В субботу 15 декабря 2001, в маленьком бюро в эфиопском посольстве в Джибути, чиновник громким голосом прочитал список, из пяти имен: "Жан-Жак Лефрер, Эрик Вальбек, Мишель Бродо (Jean-Jacques Lefrère, Eric Walbecq, Michel Braudeau) ┘". Два выдающихся бородатых рембоведа и корреспондент "Monde", одетые в гавайские рубашки, ответили: "Здесь". Им разрешено путешествие по Эфиопии в целях работы. Чиновник закончил чтение списка: "┘ фотограф Жан-Юг Беру (Jean-Hugues Berrou)", который уже два месяца находился на месте, загорелый, с головой покрытой тюрбаном "и ┘ Артюр Рембо". Момент изумления и замешательства, которое дипломатично разрешил Жан-жак Лефрер, сказав, что Берру уже здесь, а Рембо не было в самолете. Из-за него мы приехали сюда. Формальная дактилографическая процедура.
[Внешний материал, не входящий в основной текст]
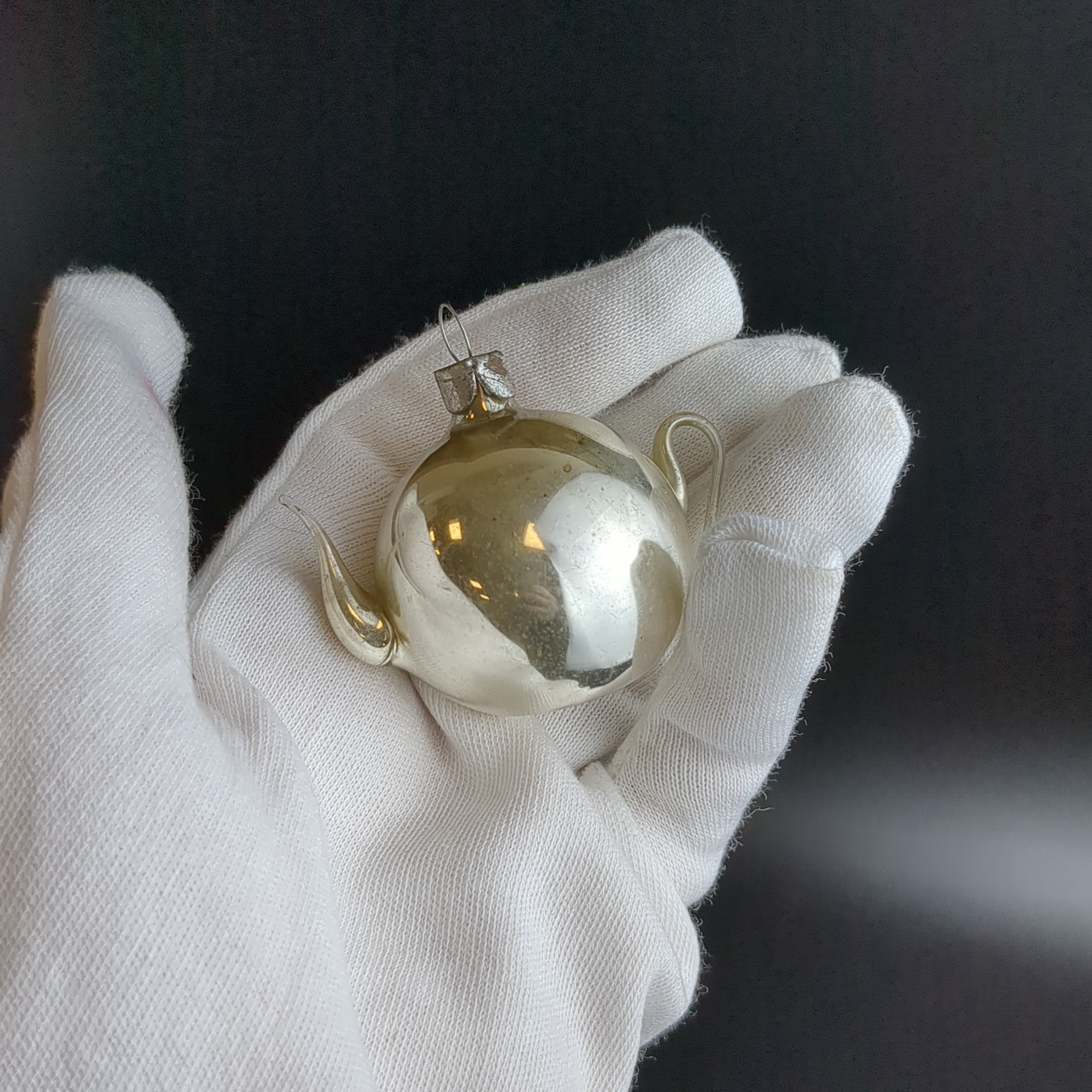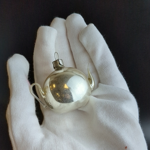 Ёлочная игрушка "Чайник" миниатюрный, стекло тонкое, подвесная, винтаж времён СССР 1960-1980 гг. Советские ёлочные игрушки и украшения. Состояние и комплектация на фото.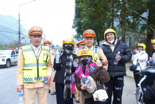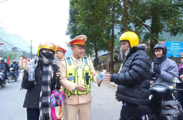 Đại úy Lục Cao Hiệp, cán bộ Phòng CSGT Công an tỉnh cho biết: Những ngày cao điểm nghỉ lễ, đơn vị tăng cường lực lượng tuần tra, kiểm soát, duy trì chốt tại các vị trí trọng điểm, vừa bảo đảm trật tự an toàn giao thông, vừa sẵn sàng hỗ trợ người dân, du khách khi gặp sự cố. Đồng thời, CBCS phát nước miễn phí, động viên, tiếp sức du khách trong hành trình du xuân.
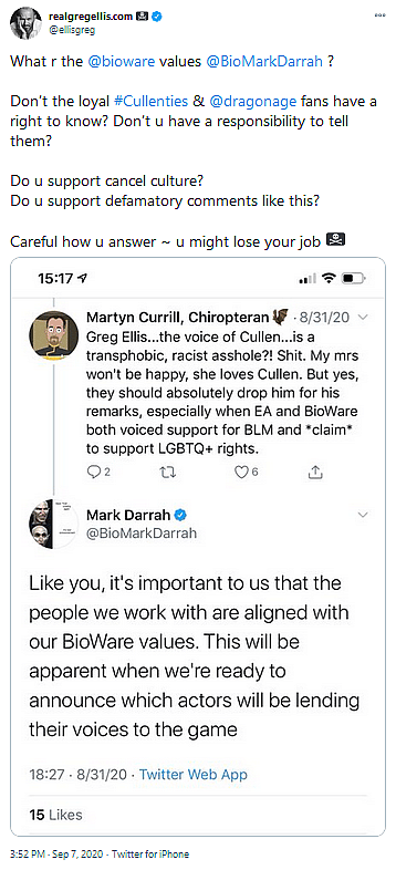 Following Darrah’s comment, Ellis asked the producer “what are the @bioware values”, specifically wondering if these values included support for “cancel culture” and “defamatory comments.”

В самом деле, Рембо нет с нами, в этом нельзя усомниться - даже если он не оставляет нас ни на секунду нашего пребывания, даже в снах, на булыжной дороге, - но в абсурдном предприятии важно все выяснить на месте, каждый знает об этом. Жан-Жак Лефрер, 47 лет, врач, специалист в гематологии, исследователь Национального Института переливания крови, автор эссе о Лотреамоне (Lautréamont), в прошлом году опубликовал биографию Рембо в изд. "Файар", которая немного расчистила заросли рембоведения. Но он не любит, когда его труд называют "монументальным", несмотря на то, что в нем 1 240 страниц.. Его коллега Эрик Вальбек, 35 лет, работает в Национальной библиотеке, эрудит, специалист по 19 веку, оплот зала Друо, распространил письменные архивы и иконографию Рембо. Двоих собратьев, и коллекционера Пьера Леруа (Pierre Leroy) (см. "Le Monde"12.6.2001) сопровождает талантливый фотограф Жан-Юг Берру, 35 лет, путешественник, бесстрашный и симпатичный. Четверке уже удалось издать в "Файар" альбом "Рембо в Адене", где они находят дома, в которых жил Рембо, места, которые он посещал, пейзажи, правду, или то, что от нее осталось, и ложь. С той же страстью они исследуют сегодня большой кусок Эфиопии (Кипр и Ява последуют потом), отправляясь из Джибути, где площадь Артюра Рембо, самое прекрасное место в этом скорее уродливом городе, носит, после объявления независимости, имя другого героя.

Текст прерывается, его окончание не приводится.